# WORK REQUEST
Begin with the first line of the material and write out each line exactly, ending with the line that contains "медитации и расслабления.". Pictures are not part of the copy.

# GIVEN INFORMATION
****************

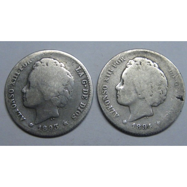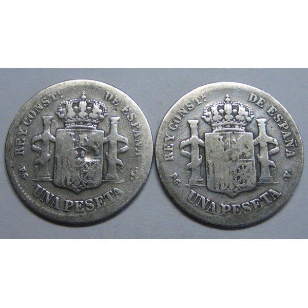 Moneda de España Rey Alfonso XIII. ceca Madrid de valor 1 una peseta de Plata . año 1893 y 1894 lote 2 piezas imagen original fotografiada
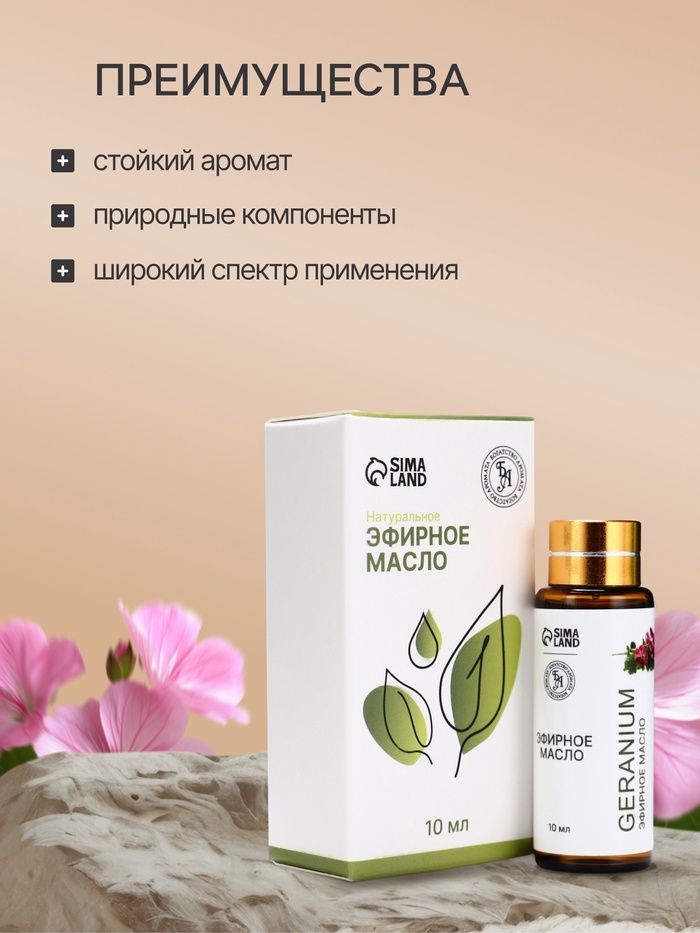 * Цветочный аромат: Масло герани поможет вам окунуться в мир весенних цветов. Наслаждайтесь свежим и мягким запахом, который идеально подходит для медитации и расслабления.
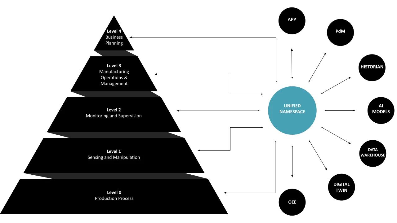 The UNS is described by Walker Reynolds as a framework where all applications and devices in Industrial IoT act as interconnected nodes, sharing and accessing data in a single unified location. Walker advocates for getting rid of the automation pyramid entirely, and making the UNS the governing system of the entire company.
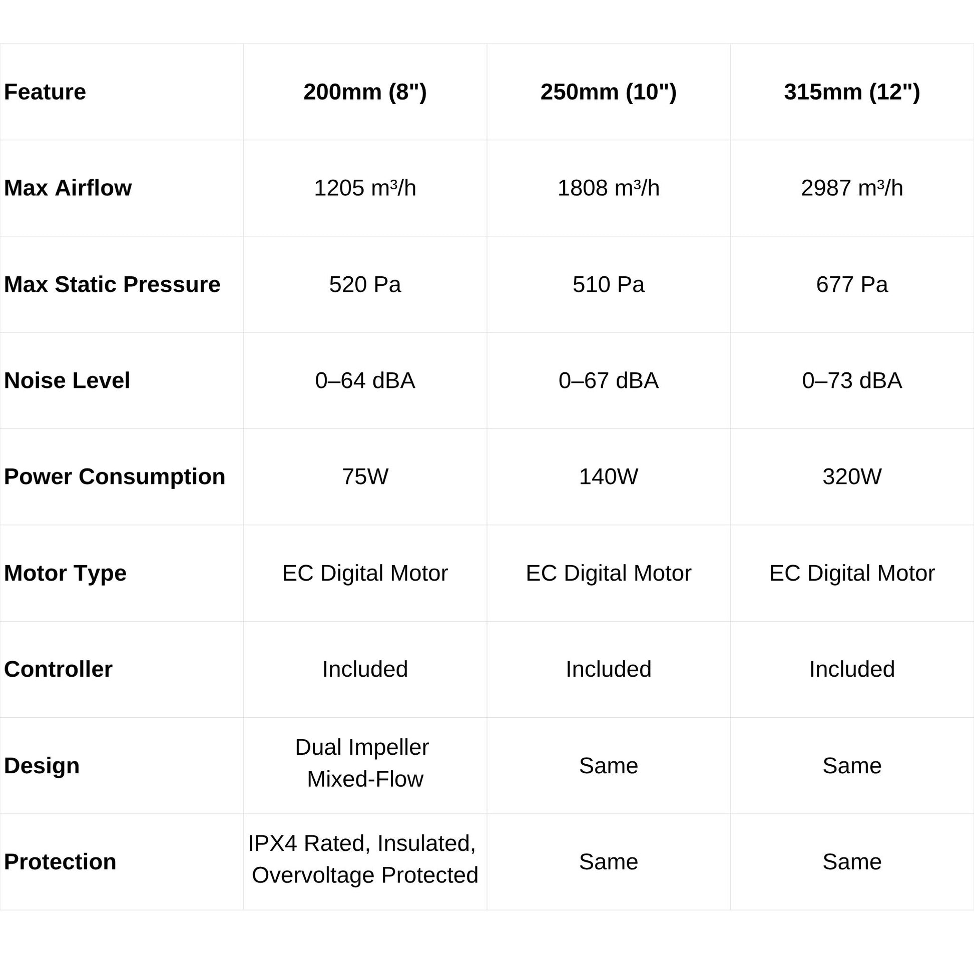 - Hãy xem Bảng thông số kỹ thuật quạt ở trên để biết thông tin chi tiết về luồng khí, công suất, mức độ tiếng ồn và nhiều thông tin khác cho từng kích thước quạt

****************

# FINAL ANSWER
 Moneda de España Rey Alfonso XIII. ceca Madrid de valor 1 una peseta de Plata . año 1893 y 1894 lote 2 piezas imagen original fotografiada
 * Цветочный аромат: Масло герани поможет вам окунуться в мир весенних цветов. Наслаждайтесь свежим и мягким запахом, который идеально подходит для медитации и расслабления.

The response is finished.